JAVDOの活動に参加して   〜感想文〜
広島大学歯学部4年 植田 祐子
大学の臨床実習にあがる前にできるだけいろいろな国の歯科の現状を知っておきたいと思っていたところ、この活動についての話をお聞きし、ぜひ一度参加してみたいとおもい、今回の派遣に申し込みました。しかし、実際、まだ学生である私がベトナムに行って何かできることがあるのだろうかという不安はありました。その不安と、それでも何か得て帰ってきたいという気持ちでベトナムへ向かいました。 
 ホーチミンは、思っていたよりもきれいで、とてもにぎやかなところでした。まず驚かされたのはバイクの数です。日本の道路が自動車がメインであるのに比べ、ホーチミンの道路はバイクがメインでした。バイク一台に2、3人、ぶつかりそうなほど密に走り、急ブレーキやクラクションはあちこちからあたりまえのように鳴り響きます。頻繁に事故が起こらないのが不思議なほどでした。
 今回の活動内容は、一日目は歯科医師のひとりもいない地域での子供達の治療でした。とはいっても、設備も時間もないため、ほとんど全員が抜歯、そしてブラッシング指導やサホライドの塗布でした。先生や歯科衛生士さんが走り回る中、器具を用意したり、子供達の連れていったり並ばせたり、ときには先生の診療を見学したりしましたが、日本と違うなと思ったことと、同じだなと思ったことと、それぞれひとつずつありました。違うなと思ったのは歯科医師の数や子供の口腔状態です。ホーチミン市ではいくつか歯科医院を見ましたが、少し郊外のこの地域は、歯医者さんは足らないようです。そのため、子供達の口腔状態はかなり悪いようでした。やってきた子供の中に、一人としてCのない子供はいませんでした。全員どこかしら虫歯があり、中には残根状態だったり、永久歯でさえC3以上の虫歯がある子もいました。今の日本ではそんな子はめったに見ないそうです。永久歯を抜くのは忍びない、でも今後来る予定はないから痛いのなら抜くしかない、と先生は葛藤されていました。日本では歯科医師の数がコンビニの3〜4倍で歯科医師はあふれ、歯科大学削減の話を聞くのに、いないところにはいないもんだな・・・とおもいました。正直、将来に希望がもてたような気がしました。同じだと思ったのは、ベトナムの子もやはり子供であるということです(かわいかったです)。先生を見るだけで怖がって口を開けようとしない子、麻酔の注射に泣き叫ぶ子、不安そうに順番を待ったり、他の子が泣き叫ぶのをみてつられて泣いてしまう子もたくさんいました。撮っているビデオに興味津々で近づいてきたり、用意してある歯科器具を触ろうとしたり、好奇心いっぱいなところは日本の子供とまったく同じだとおもいました。2日目は中学校での歯科検診。1日目とはかなり違いました。Cのある子は190人中せいぜい半分くらい。治療した後の子や予防充填してある子もいました。これほどまでに違いがあるのかと驚くほどでした。2日目はブラッシング指導がメインになったようでとにかく歯科衛生士さんが大変そうでした。

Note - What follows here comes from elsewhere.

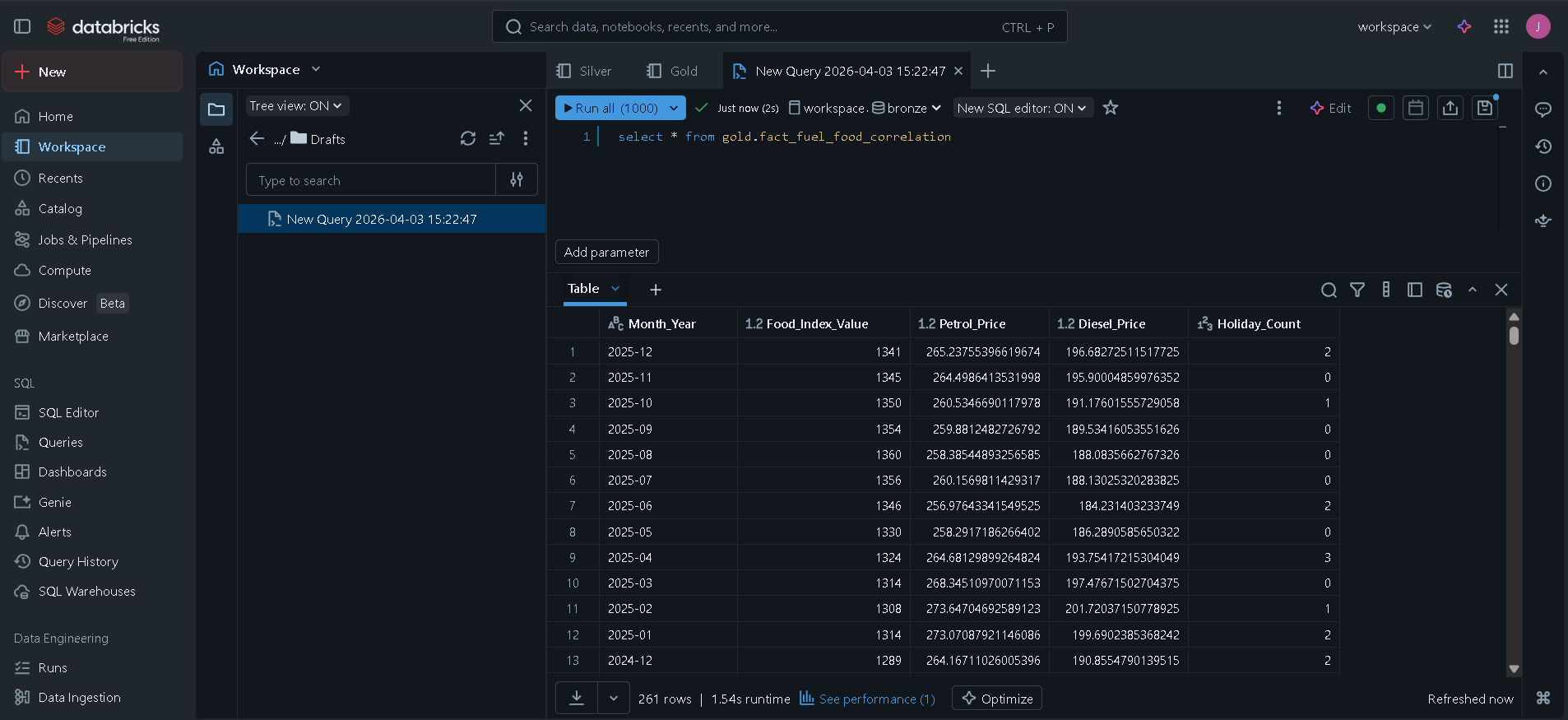 š NZ Fuel & Food Price Correlation Pipeline š Project Overview This project is a Data Engineering Pipeline built in Databricks to analyze the economic relationship between gasoline price fluctuations and the Food Price Index (FPI) in New Zealand. The goal was to determine if spikes in fuel (specifically Diesel and Regular Petrol) directly correlate with rising food costs, and to identify any "time-lags" in this relationship. šļø Architecture: The Medallion Approach The pipeline follows the Medallion Architecture to ensure data quality and scalability: Bronze Layer: Raw ingestion of Stats NZ and Fuel Price CSV files into Delta tables. Silver Layer: * Data cleaning and type casting. Feature Engineering: Created a custom dim_date table using the Python holidays library to flag New Zealand public holidays. Aggregation: Downsampled daily fuel prices to a monthly mean to match the Food Price Index grain. Gold Layer: * Implemented a Star Schema design. Created a fact_fuel_food_correlation table by joining processed fuel, food, and date dimension data. š ļø Tech Stack Platform: Databricks (Community Edition) Language: PySpark (Python) and Spark SQL Storage: Delta Lake Orchestration: Logic designed for integration with Airflow/Databricks Workflows Libraries: pandas, pyspark.sql.functions, holidays š Key Features & Logic Movable Holiday Logic: Automated detection of NZ-specific holidays (like Matariki and Easter) using the holidays library to account for seasonal price anomalies. Data Normalization: Transformed the "1960M01" date format into standard SQL timestamps for seamless joining. Business Intelligence Ready: The Gold layer is optimized for PowerBI/Tableau, pivoting fuel types into individual columns for immediate correlation analysis. š Repository Structure Bronze/: Notebooks for raw data ingestion. Silver/: Transformation logic and Dimension table creation. Gold/: Final Star Schema modeling and join logic. SourceData/: Sample CSV datasets used in the pipeline.
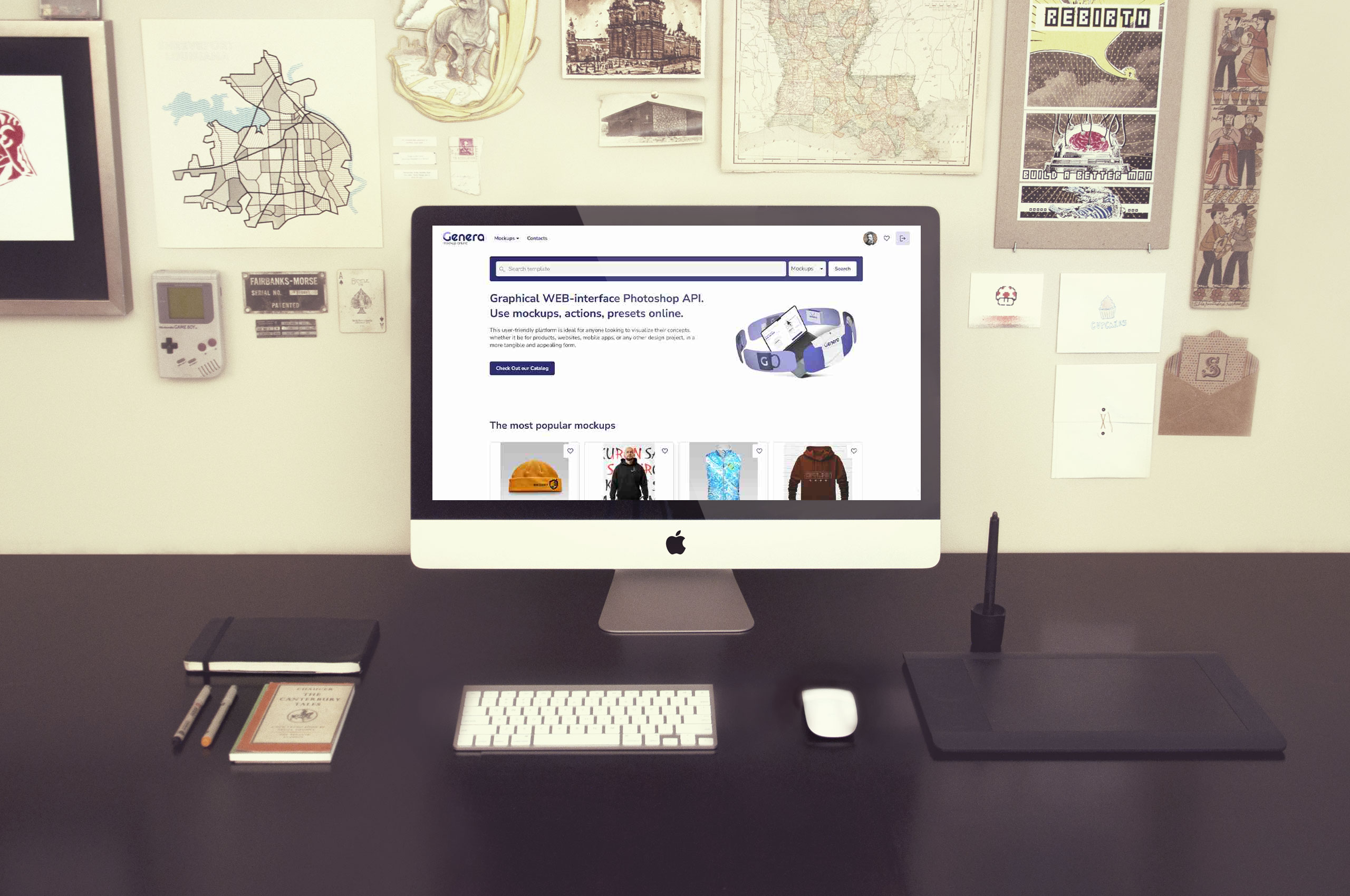 The mockup image features a clean, modern workspace with a sleek white iMac centered on a dark desk. Surrounding the computer are a keyboard, mouse, graphic tablet, notebooks, and pens. The background consists of a beige wall adorned with various maps, drawings, and inspirational prints. Several personal mementos contribute a creative, organized vibe.

 私の滞在は5日間だったため、ホーチミンの観光もできました。昼は博物館や統一会堂を見学し、夜はカフェに連れていってもらい、JAVDOの活動以外でもベトナムに触れることが出来ました。料理、歴史、言葉、ストリートチルドレンの様子など、私にとって未知のことばかり、驚くことばかりでした。その多くの場面でベトナム戦争の傷跡や経済的な問題を感じることがありました。私とあまり年齢の変わらない通訳さんの話すベトナム戦争後についてや夜の街で物乞いをしているストリートチルドレン(かなり減ったようですが)が、高校時代に授業で教わったベトナムについて(経済的なことや戦争、支配、人々の生活などですが)と重なり、これらが単なるイメージから、現実に変わったような、そんな気持ちになりました。日本語を勉強し、日系企業に勤めたいという通訳さんや、ものを売ろうと私達の後ろをずっとついてくる子供たちをみると、私達日本人が、いかに幸せで、ぜいたくであることを当たり前とし、特に何事もない日々を送っているかを感じました。そしてその分、ボランティアや援助の必要性を感じました。
 今回、この活動参加させていただき、日本にはない、非常に多くのものを得ることができました。ベトナムに行き、ベトナムを見て、先生方の意欲を感じ、より早く歯科医師になって働きたいと思うようになりました。また、たくさんの出会いがあったのも私にとって得たものの一つです。ベトナムの状況、歯科医師としてこれから考えていかなければならないことなど、いろいろと教えてくださった先生方をはじめ、歯科衛生士の方々、中国新聞社の部谷さん、活動中全員のスケジュールのために走り回ってくださった長田さん、どんなときも言葉に困ることのないようにそばにいてくれた通訳の方々、ほんとうにすばらしい人ばかりでした。そのほかにも、今回の活動に携わった方はたくさんいらっしゃると思います。JAVDOの活動がいかに多くの人々の協力から成り立っているのかを知りました。今回私は何もすることができず、邪魔な面も多々あり、迷惑をかけてしまったことと思います。ベトナムで見たこと、聞いたこと、感じたことは今後の大学生活やこれからの道に活かしていきたいと思う、ほんとうにすばらしいものでした。
今度は歯科医師の資格を取ってこの活動に参加したいと思っています。

最後になりましたが、今回お世話になった皆さん、本当にありがとうございました。